For the complete collection of results across all repositories and queries:
\[
  \mathcal{R}^{\mathcal{Q}} = \bigcup_{i=1}^{N} \bigcup_{j=1}^{M}
  \left\{ r_{i,j,1}, r_{i,j,2}, \dots, r_{i,j,k_{i,j}} \right\}
\]

where:
\begin{itemize}
\item \(N\) is the total number of repositories.
\item \(M\) is the total number of queries in \(\mathcal{Q}\).
\item \(k_{i,j}\) is the number of results from executing query
  \(\mathcal{Q}_j\)
  on repository \(\mathcal{R}_i\).
\end{itemize}

An individual result from the \(i\)-th repository, \(j\)-th query, and \(k\)-th result is:
\[
  r_{i,j,k}
\]



\[
  C \xrightarrow{\mathcal{Q}} S \xrightarrow{\text{enqueue}} Q \xrightarrow{\text{dispatch}} \alpha \xrightarrow{\mathcal{Q}(\mathcal{R}_i)} S \xrightarrow{r_{i,j}} C
\]

Each result can be further indexed to track multiple repositories and result sets.

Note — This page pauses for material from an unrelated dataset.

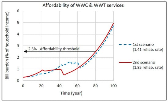 Figure 13 present the affordability results for residential service users. The affordability or bill burden, which represents the percentage of annual average household income paid for wastewater collection and treatment services, stays below the 2.5% affordability threshold [23] until year 80 under both scenarios. In the second scenario, this social sustainability indicator stays below 1% for about 60 years until it increases to nearly 5% at the end of the simulation period. In contrast, in the first scenario, affordability passes 1% after 35 years and increases steadily each year until it reaches the same trend as the second scenario in about year 65. The average affordability ratio for the first and second scenarios are 1.52% and 1.49% respectively.

\section{Execution Loop in Pseudo-Code}
\begin{listing}[H] % h = here, t = top, b = bottom, p = page of floats
  \caption{Distributed Query Execution Algorithm}

\begin{lstlisting}[language=Python]
# Distributed Query Execution with Agent Polling and Accumulated Results

# Initialization
$\mathcal{R}$ = set()  # Repository list
$Q$ = []  # Job queue
$A$ = set()  # Set of agents
$\mathcal{R}_i^{\mathcal{Q}}$ = {}  # Result storage for each repository

# Initialize result sets for each repository
for $R_i$ in $\mathcal{R}$:
    $\mathcal{R}_i^{\mathcal{Q}} = \{\}$  # Initialize empty result set

# Enqueue the entire query suite for all repositories
for $R_i$ in $\mathcal{R}$:
    $Q$.append(($\mathcal{Q}$, $R_i$))  # Enqueue $(\mathcal{Q}, \mathcal{R}_i)$ pair

# Processing loop while there are jobs in the queue
while $Q \neq \emptyset$:
    # Agents autonomously poll the queue
    for $\alpha$ in $A$:
        if $\alpha$.is_available():
            $(\mathcal{Q}, \mathcal{R}_i)$ = $Q$.pop(0)  # Agent polls a job

            # Agent execution begins
            $\mathcal{R}_i^{\mathcal{Q}} = \{\}$  # Initialize results for repository $R_i$

            for $\mathcal{Q}_j$ in $\mathcal{Q}$:
                # Execute query $\mathcal{Q}_j$ on repository $\mathcal{R}_i$
                $r_{i,j,1}, \dots, r_{i,j,k_{i,j}}$ = $\alpha$.execute($\mathcal{Q}_j$, $R_i$)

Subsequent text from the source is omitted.